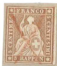
Brown Crayon Doe Brown
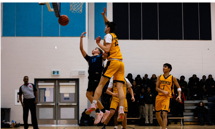
Senior Knights Playoff Game
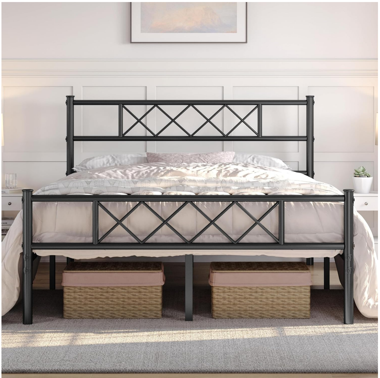
Figure 1: Yaheetech Full Metal Platform Bed Frame with mattress and bedding in a bedroom.

━━━━━━━━━━━━━━━━

WHAT THE EXERCISE ASKS: Everything in the material except the pictures should be restated word for word.

RESULT OF THE EXERCISE:
Brown Crayon Doe Brown
Senior Knights Playoff Game
Figure 1: Yaheetech Full Metal Platform Bed Frame with mattress and bedding in a bedroom.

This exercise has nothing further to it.